I am usually not one to overreact so early in the season, but Pelfrey's two outings have me worried. His start on Wednesday finished by allowing seven runs on eight hits, and in my opinion was symbolized by a truly embarrassing defensive play when he purposely let Joe Blanton's popped-up bunt drop, only to end up throwing the ball away, and it was not even to the correct base. His ERA is now 15.63 in 2011, and, to be honest, I don't see much hope for him in his next start. For his career, Pelfrey is 3-12 against NL East teams when on the road, where both of his starts have come this season. Hopefully when he returns to Citi Field next week, he will feel more comfortable in his home ballpark and throw some quality innings, but until then, I'm forced to sit here and scratch my head and wonder what has happened to Pelfrey since the conclusion of last season.
Throughout his entire career, Pelfrey has been a very mentally driven pitcher. When too much is going on in his head and something starts to rattle him, even just a couple of runs, he loses all control of the game and cannot seem to rebound from it. In an article in the Wall Street Journal on Wednesday morning, Brian Costa detailed the nights after an outing for Mike Pelfrey in 2010, when he would call sports psychologist Harvey Dorfman, who unfortunately passed away at the age of 75 last month, to help him prepare for his next start. I think this article is very telling of the way Pelfrey works and the impact someone like Dorfman had on Pelfrey's breakthrough year in 2010. Clearly, Pelfrey needs guidance and support following a poor start, and now he doesn't have it.

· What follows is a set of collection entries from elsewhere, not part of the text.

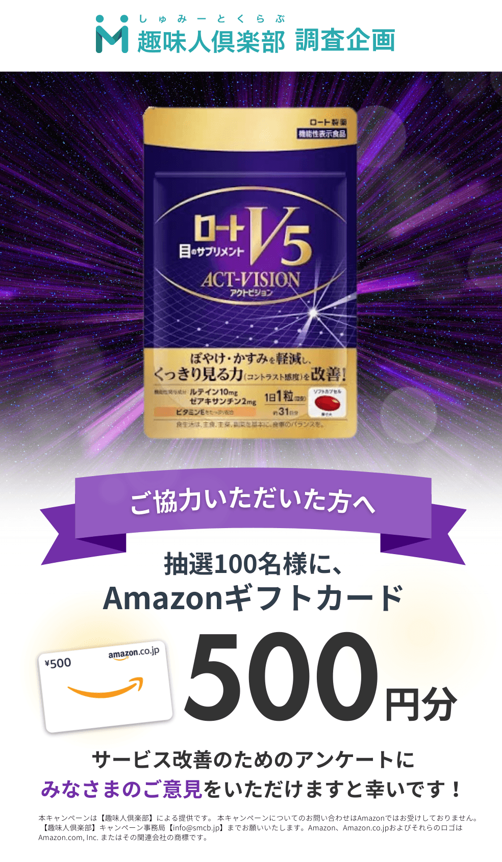 本アンケートをご回答いただいた方から抽選で100名様に、Amazonギフトカード500円分をプレゼント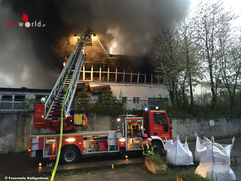 Im ersten Abmarsch waren rund 45 Kräfte der Heiligenhauser Wehr am Ort und leiteten die ersten Maßnahmen ein. Als die Feuerwehr eintraf, schlugen bereits Flammen aus dem Dach, kleine Explosionen ereigneten sich im Gebäude. Das direkt nebenan gelegene Wohnhaus am Schopshofer Weg wurde aus Sicherheitsgründen evakuiert, von mehreren Seiten wurde das Feuer bekämpft. "Direkt nach der ersten Erkundung war klar, dass unsere Kräfte hier nicht ausreichen", schildert Einsatzleiter Ulrich Heis. Aus den Nachbarstädten wurde Hilfe angefordert. "Wichtig war für uns die Information zu Beginn, dass sich keine Menschen mehr im Gebäude befinden." Zu Beginn des Einsatzes konnten die Frauen und Männer der Feuerwehr mehrere Gasflaschen aus einem gefährlichen Bereich bringen. "Es hätte mehrere heftige Explosionen geben können, wenn uns das nicht gelungen wäre", schildert Pressesprecher Nils Vollmar.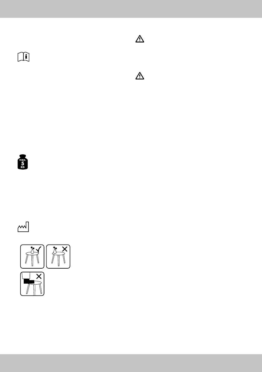 • Na stôl sa nikdy nestavajte ani naň nesadajte.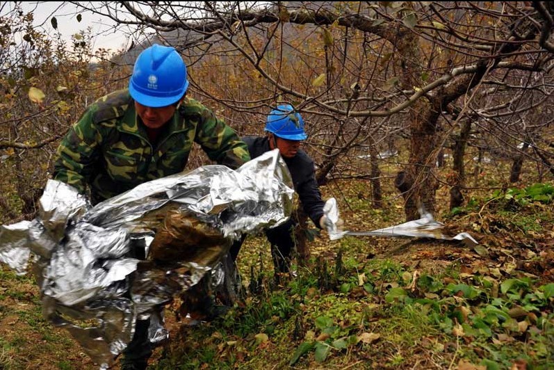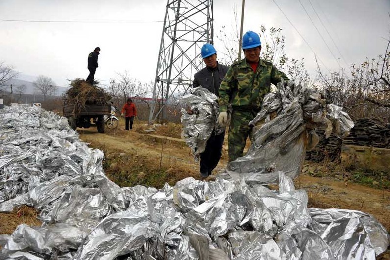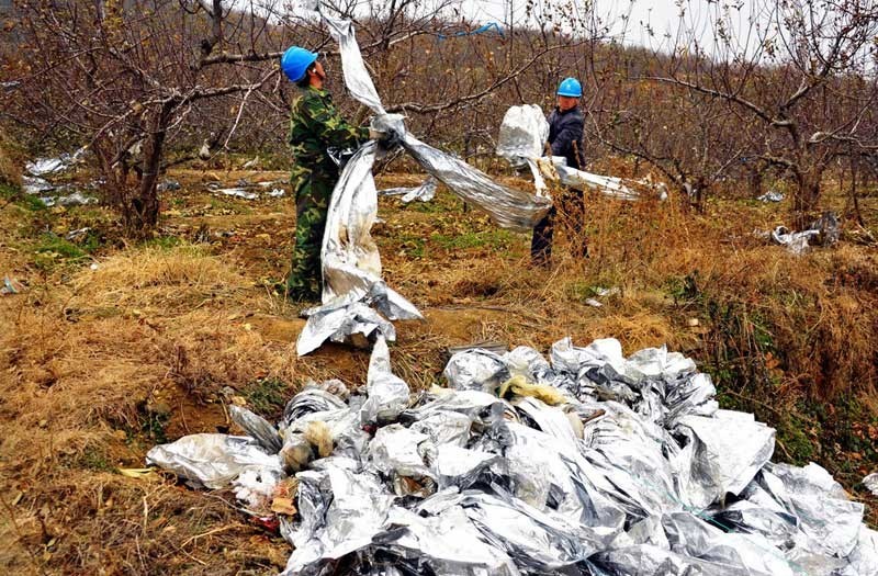 棲霞藏家莊鎮(zhèn)村民在自家的 蘋果園里,收集大量的反光膜。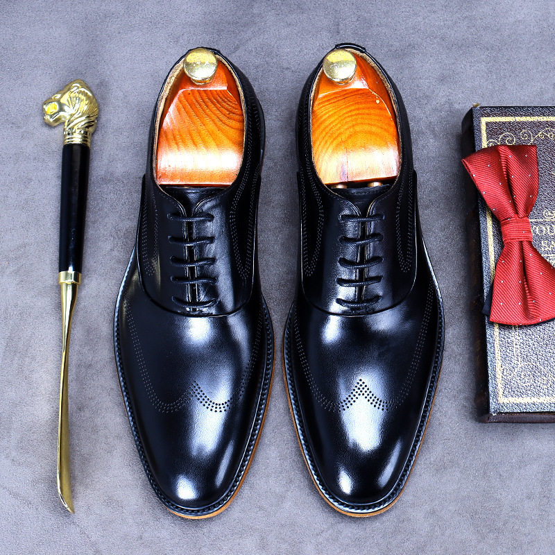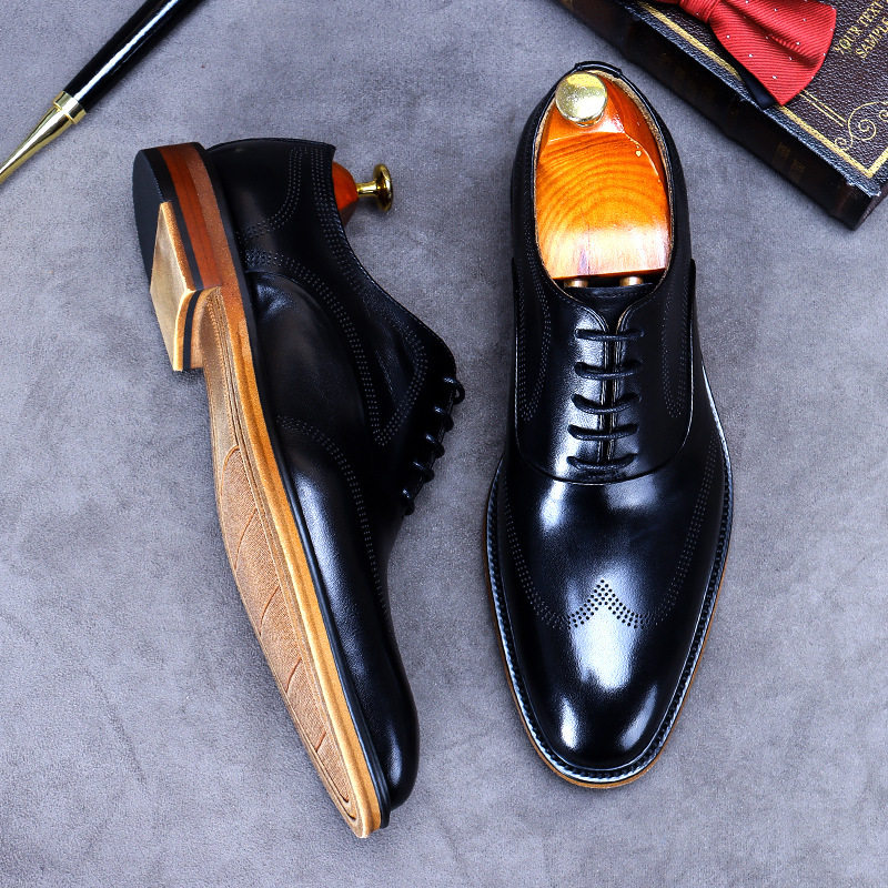 High - end retro - business dress shoes men 2022 new casual soft bull leather English light luxury breathable men's shoes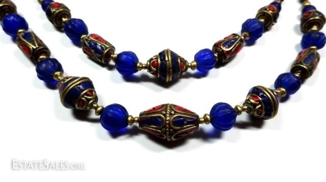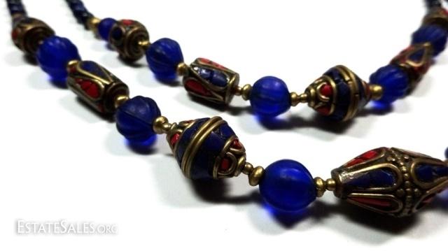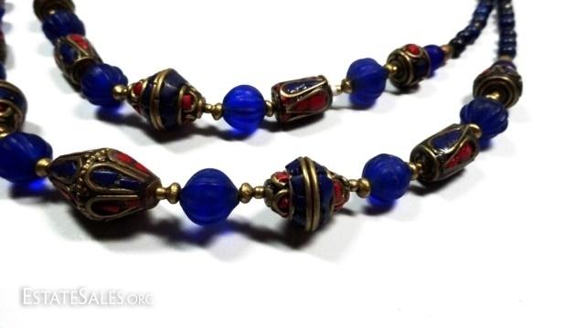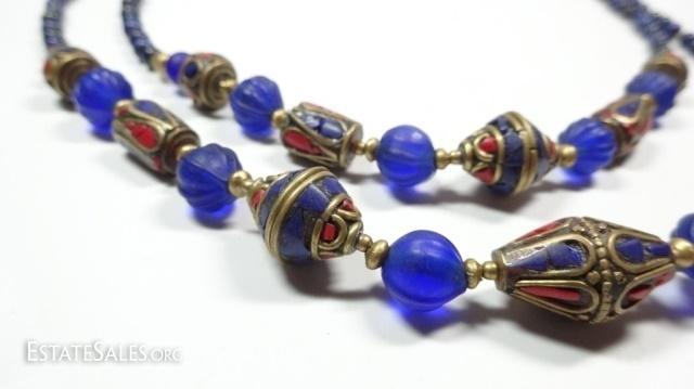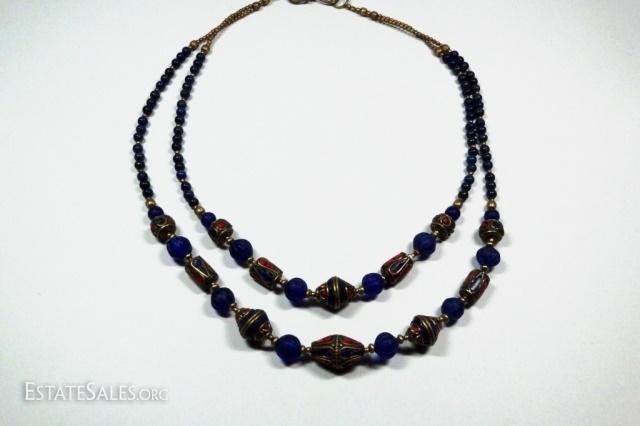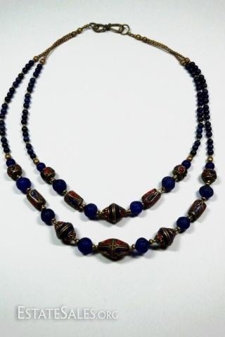 LOT 45D: TIBETAN TURQUOISE, LAPIS & BLUE GLASS BEAD DOUBLE STRAND NECKLACE, BRASS ACCENTS, APPROX 18"L, SKU321.106

Do I expect Pelfrey to "replace" Johan Santana for the first half of 2011? No, of course not. And it is understood that the Mets are caught between a rock and a hard place when it comes to pitching, but I'm very surprised and disappointed the way in which our ace has begun his 2011 season. He is grooving too many of his pitches and is just making it too easy for the opposition to hit against him. That was the reason the Mets lost Friday night. Yes, the Phillies caught a couple of lucky breaks particularly off of Blaine Boyer with a couple infield hits, but it was the lack of confidence and quality of pitching from Mike Pelfrey that will make the Mets have to fight for a series win on Thursday afternoon. And with Cy Young winner Roy Halladay as the probable starter against Jon Niese, that task suddenly became a lot more difficult.